The client 106 is equipped with a processor 128, a memory 130, and one or 
more media output devices 132. The memory 130 stores an operating system 134 
(e.g., a WINDOWS-brand operating system) that executes on the processor 128. 
The operating system 134 implements a client-side video decoder 136 to decode 
the layered video streams into the original video. In the event data is lost, the 
decoder 136 is capable of reconstructing the missing portions of the video from 
frames that are successfully transferred. Following decoding of each video frame, 
the client 106 plays the video frame via the media output devices 132. The client 
106 may be embodied in many different ways, including a computer, a handheld 
entertainment device, a set-top box, a television, and so forth. 

Exemplary PFGS Layered Coding Scheme 

As noted above, the video encoder 118 encodes the video data into multiple 
layers, such that a selected enhancement layer and a base layer in a current frame 
are used to construct a high quality reference image for the frame.
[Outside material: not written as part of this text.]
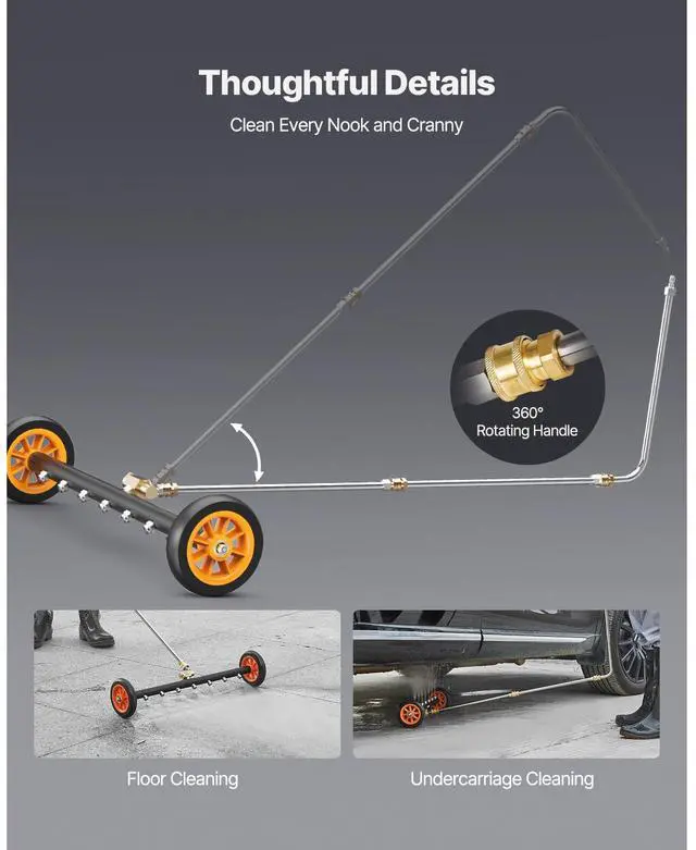 24" Pressure Washer Undercarriage Cleaner with 2 Wheels 2 Extended Wands

A parameter, 
high quality reference bit-rate (HQRB) associated with each enhancement layer, 
refers to the number of bits of the enhancement layer that are used to reconstruct 
the high quality reference image. HQRB is discussed in more detail below. There 
are many ways to implement a Progressive Fine-Granularity Scalable (PFGS) 
layered video encoder to facilitate enhancement layer switching. One example is 
illustrated in Fig. 2 for discussion purposes and to point out the advantages of the 
scheme. Another example is illustrated below with a difference bitstream in Fig. 
4.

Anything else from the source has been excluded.